The Last Time I Lied
- First edition
- Author: Riley Sager
- Audio read by: Nicol Zanzarella
- Language: English
- Genre: Thriller
- Publisher: Dutton
- Publication date: 2018
- Publication place: United States
- Media type: Print (hardback, paperback) ebook audiobook
- Pages: 384 pages
- ISBN: 1524743070 First edition hardcover
- Preceded by: Final Girls
- Followed by: Lock Every Door

= The Last Time I Lied =

2018 novel by Todd Ritter

The Last Time I Lied is a 2018 thriller novel by American author Todd Ritter under the pen name Riley Sager. The plot concerns the reopening of a summer camp from which three girls disappeared 15 years before. Their former roommate, now a counselor, attempts to solve the disappearance while dealing with her own survivor guilt. The novel was inspired by the classic Australian film Picnic at Hanging Rock. It received favorable reviews and reached the New York Times Bestseller List.

==Plot==
Fifteen years ago, three girls named Vivian, Natalie, and Allison snuck out of their cabin at Camp Nightingale, a prestigious summer camp for the wealthy, and were never seen again. Their fellow camper, Emma, was the last to see them alive. Their disappearance stuck with Emma throughout her life and now, as an artist, she includes pieces of that past in all of her artwork. At one of Emma's showings, she meets the owner of Camp Nightingale, old money socialite Francesca Harris-White, who plans to reopen the camp and hires Emma to work as an art counselor.

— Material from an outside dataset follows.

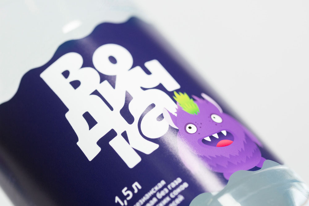 Этикетки сразу же показывают, что вода предназначена для детей. Дружелюбный монстр и характерная волнистая линия делают упаковку узнаваемой издалека, а крупные буквы хорошо читаются даже на маленькой бутылке. Волнистые ребра бутылки поддерживаются волнистыми краями этикетки.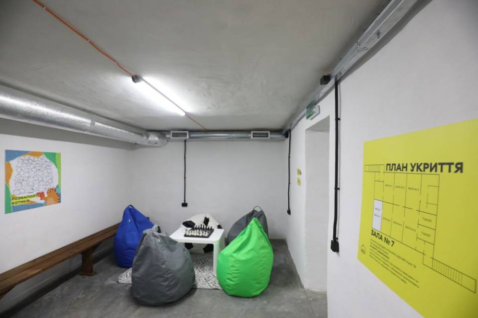 Усередині облаштували вентиляцію з функцією підігріву, провели воду та каналізацію, освітлення, встановили систему опалення. В укритті тепер є чотири туалети, запаси води (2000 літрів), Wi-Fi, кнопка виклику поліції та навіть окремий куточок для дітей. На входах — система автоматичного відкриття дверей під час повітряної тривоги.

Once back at the camp, Emma meets three new campers, Miranda, Sasha, and Krystal, who remind her of the original three girls. When Emma discovers a surveillance camera outside her cabin door, Francesca's adopted son, Theo Harris-White, explains that the family knows Emma's history of trauma and had the camp groundskeeper place it there for her safety. In anger, Emma reveals that 15 years ago, she falsely accused Theo of being behind the disappearance of the original trio. At the time, she had a crush on Theo and became jealous when she found him having sex with Vivian. Theo's brother Chet sympathizes with Emma and reveals that, like her, Theo was traumatized by the events of 15 years before.

In her spare time, Emma delves into the mystery of what happened to the original campers. In the process, she discovers that Camp Nightingale was built on the site of a former women's insane asylum known as Peaceful Valley. Emma theorizes that the girls, who were also researching the camp's history, may have discovered something which led to their disappearance. She suspects that the family may be hiding a secret.

One night, Miranda, Sasha, and Krystal disappear in circumstances similar to the original girls. Suspicion focuses on Emma, who was caught on camera leaving the cabin five minutes after them. Emma is questioned by Police Detective Nathan Flynn, who makes it clear she is his prime suspect. Emma confronts the family, who insist there is nothing untoward in the history of either the asylum or the camp.

Emma sneaks out during the night and finds Miranda, Sasha, and Krystal trapped in a remote area of the woods. After rescuing them, she runs back to camp and is found by Chet, who attacks her. Chet reveals that he kidnapped the girls and framed Emma as revenge for her having accused Theo of the disappearance of Vivian, Natalie, and Allison. He takes her to the ruins of the Peaceful Valley Asylum, now underwater, with the intention of leaving her there. They discover the remains of several human bodies before Theo rescues Emma.

The following police investigation recovers the remains of Natalie and Allison, along with proof that they were murdered. Months later, Vivian appears at one of Emma's art shows and reveals that she murdered them. The girls were present when Vivian's sister drowned, but made no move to save her, so she killed them as an act of revenge. Emma paints a portrait of Vivian and sends it to law enforcement and the media so that Vivian may be caught.

==Development==
Author Todd Ritter came up with the idea for The Last Time I Lied after viewing the film Picnic at Hanging Rock and thinking "Yes, this is it: girls vanish into the woods, never to be seen again, and it messes everyone up. That’s my next book.” He had initially intended to not include flashbacks, as he used this as a plot device in the last book, but that "the past just kept coming back in these chapters, and it came to the point where I just needed to do flashbacks, there’s just no way around it."

==Release==
The Last Time I Lied was first published in hardback and ebook format in the United States on July 3, 2018, through Dutton. An audiobook adaptation narrated by Nicol Zanzarella was released simultaneously through Penguin Audio.

The book has been published in the United Kingdom and has been translated into Chinese and German.

==Reception==
Upon release, Booklist called The Last Time I Lied "tense and twisty" and deemed it superior to Ritter's first novel, Final Girls. It reached the New York Times Bestseller List for the week of July 22, 2018. In The New York Times Alafair Burke wrote that "in the end, the author delivers the kind of unpredictable conclusion that all thriller readers crave — utterly shocking yet craftily foreshadowed. For some readers, though, these might be the only pages that linger." The Wall Street Journal also reviewed the book.